Anexo: Recomendaciones para la Liberación de Datos Abiertos:

  • Gran parte de las herramientas de programación utilizadas para el análisis y uso de los datos públicos tienen el Inglés como idioma por defecto. Esto hace que no se lleven muy bien con caracteres especiales del español como los acentos. Si bien es imposible quitar los acentos de los campos que contengan texto, es recomendable que la primera fila del archivo (que usualmente nombra el campo) no contenga acentos para evitar problemas a la hora de leer los archivos.

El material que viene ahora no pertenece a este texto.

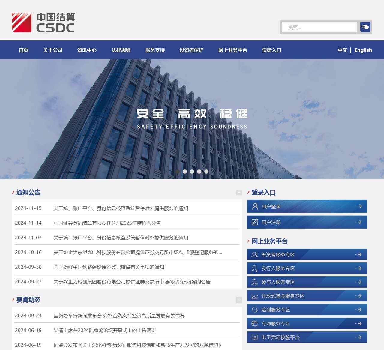 | 网上业务平台 | 投资者服务专区、证券查询服务、持有人大会网络投票、发行人服务专区、发行人在线业务办理系统、持有人大会网络投票、参与人服务专区、结算参与机构管理平台 |
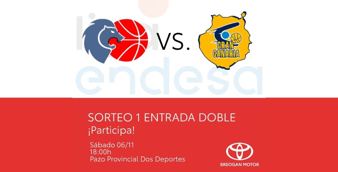 Toyota Breogán Motor sortea entre todos sus seguidores una entrada doble para el partido de la Liha Endesa ACB, Río Breogán vs. Herbalife Gran Canaria, que se celebrará este sábado 6 de noviembre a las 18h en el Pazo Provincial Dos Deportes de Lugo.
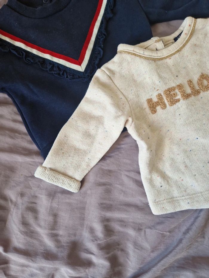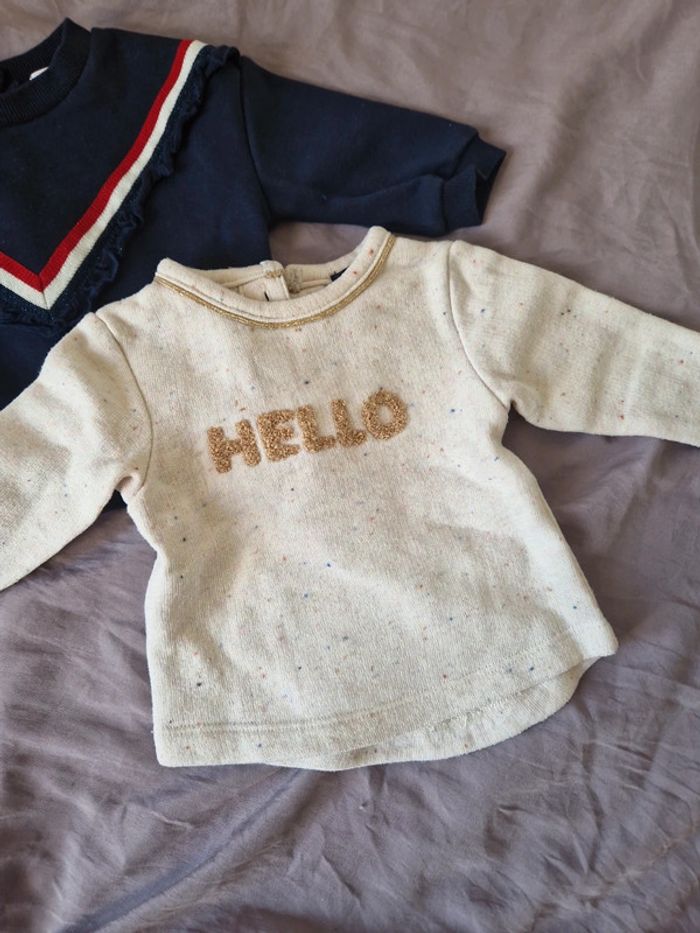 Lot de 2 pulls 1 beige kiabi 1 bleu marine gemo très peu porté En super état Taille 3 mois
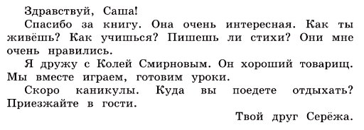 Третья часть: Серёжа упоминает предстоящие каникулы и приглашает Сашу в гости.
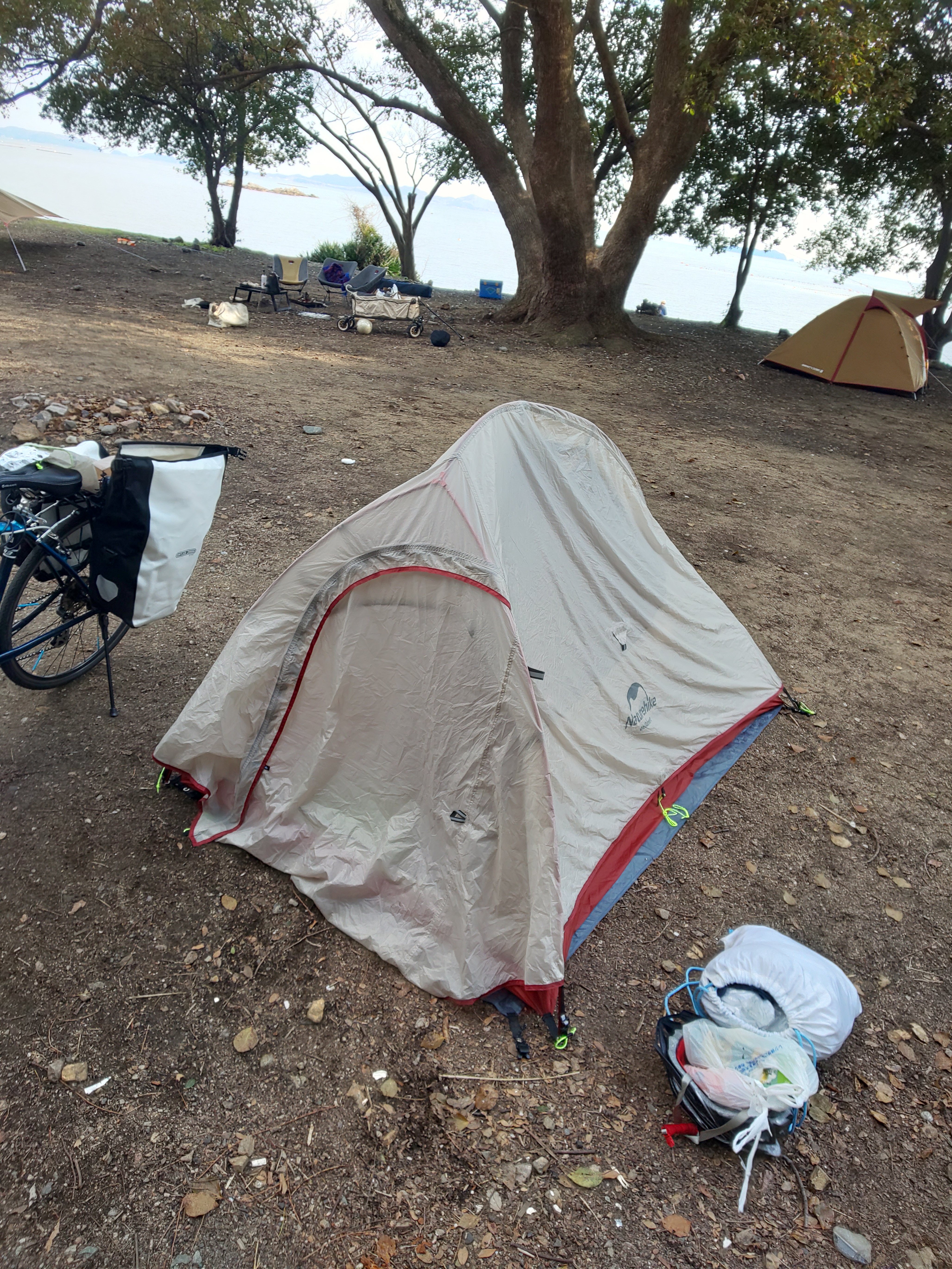 その次の日のテントの写真は頑張ってるな。リラックス度が関係してそう
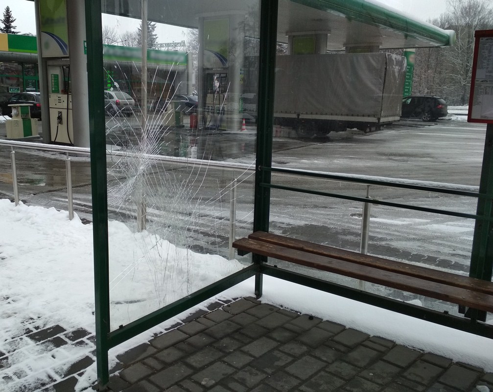 Gdy 12 lutego po godzinie 20.00 policyjni wywiadowcy przejeżdżali w rejonie centrum handlowego przy ulicy Prażmowskiego, zauważyli, że dwóch mężczyzn kopię w szybę wiaty przystankowej. Następnie mężczyźni zaczęli szarpać metalową konstrukcją wiaty, po czym znowu kopać w szybę, aż do momentu gdy pękła.
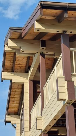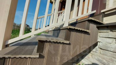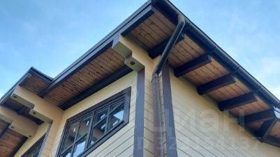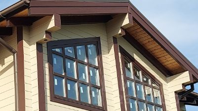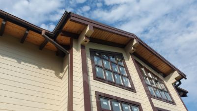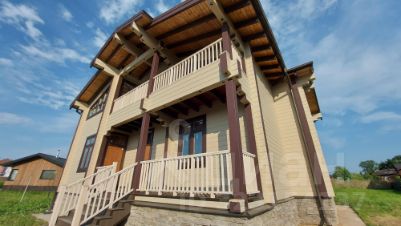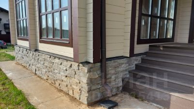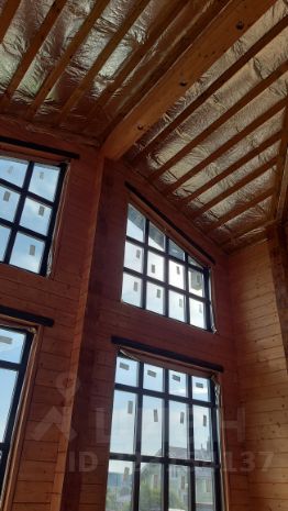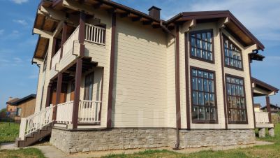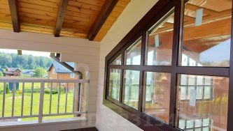 Дом строился как дом-образец для привлечения клиентов. Фундамент железобетонный с цокольным этажем и ж.б. плитой перекрытия. Энергоэффективный клееный брус 202х190 мм. премиум сегмента, произведен на заводе ЗАО Тамак, принадлежащем австрийским инвесторам, сертифицирован по нормам для стран ЕС. Фасад перекрашен в 2024г., лакокрасочные материалы - Tikkurila, обработка торцов Sikkens. Покрытие кровли - битумная черепица Katepal финского производства. Окна - деревянные стеклопакеты из лиственницы, что полностью соответствует концепции деревянного дома. Пол террасы, крыльца, балконов и ограждения выполнены из доски и элементов ДПК Terradeck (смонтированы в 2024г.) Основание пола железобетонная плита 150 мм.
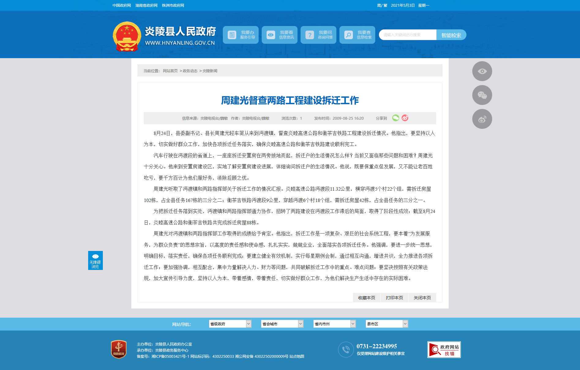8月24日,县委副书记、县长周建光轻车简从来到沔渡镇,督查炎睦高速公路和衡茶吉铁路工程建设拆迁情况。他指出,要坚持以人为本,切实做好群众工作,加快各项拆迁任务落实,确保炎睦高速公路和衡茶吉铁路建设顺利完工。
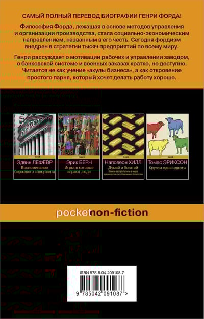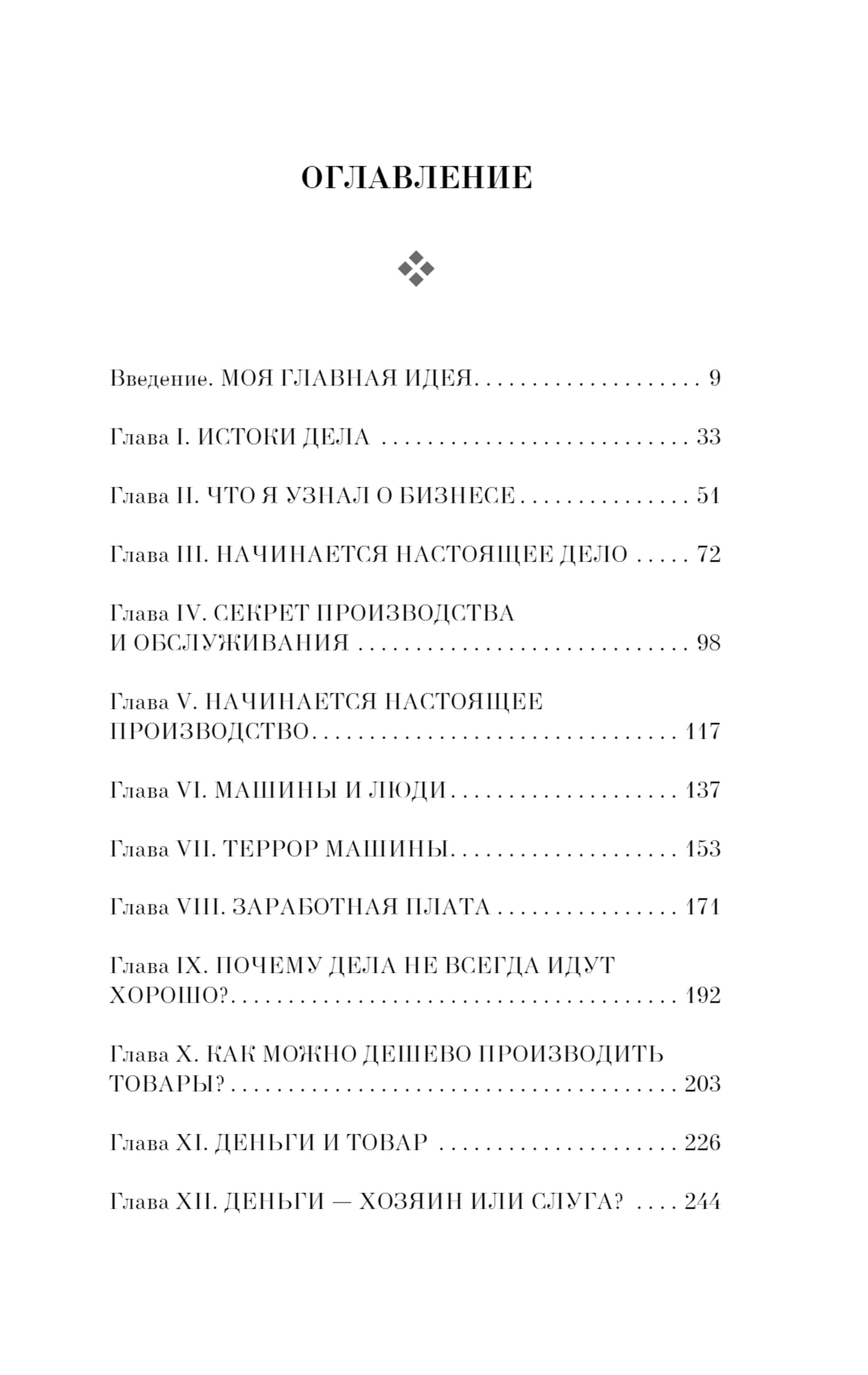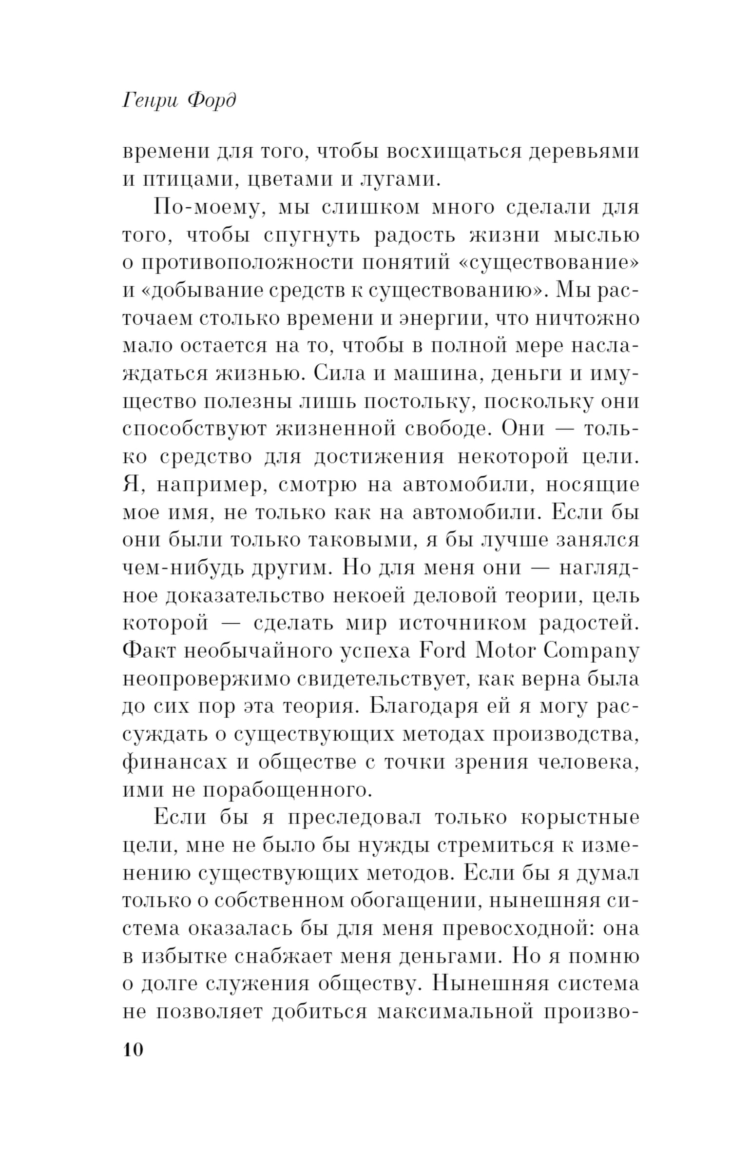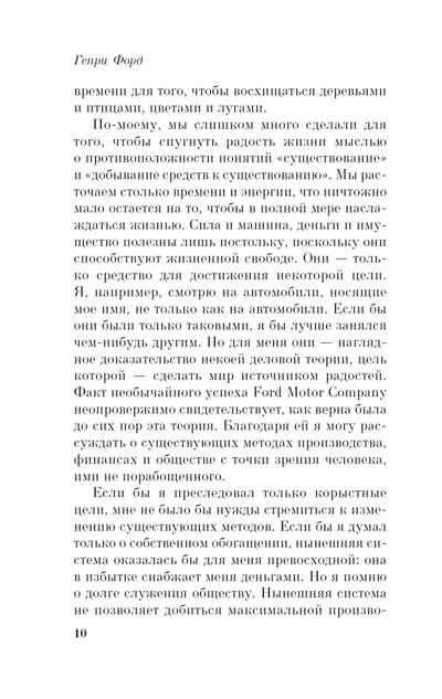 Генри рассуждает о мотивации рабочих и управлении заводом, о банковской системе и военных заказах кратко, но доступно. Читается не как учение «акулы бизнеса», а как откровение простого парня, который хочет делать работу хорошо.

  • El formato estándar de liberación de datos es csv (Comma Separated Values). Por lo que es recomendable que el separador de campos sea una coma (,) y no un (;)
  • Asegurarse que en todas las filas, estén correctamente separados los campos por el delimitador elegido.
  • Por último, proveer de un link visible, único e invariante en el tiempo, permite que se pueda automatizar el análisis y que no se necesite de pasos manuales de descarga del archivo a disco. Lo ideal es que no se necesite entrar manualmente a la página web, seleccionar filtros y hacer click en un botón para descargar el set de datos.
  • Los datos deben estar lo más desagregados y crudos posibles. Los campos como Remuneración son mejor colocarlos crudos y dejar que el analista decida cuáles son las categorias o rangos en los cuales separarlos.

Si bien pueden sonar quisquillosas estas recomendaciones, ayudan a la hora de trabajar con datos abiertos y al momento de incorporarlos programáticamente a otros sistemas.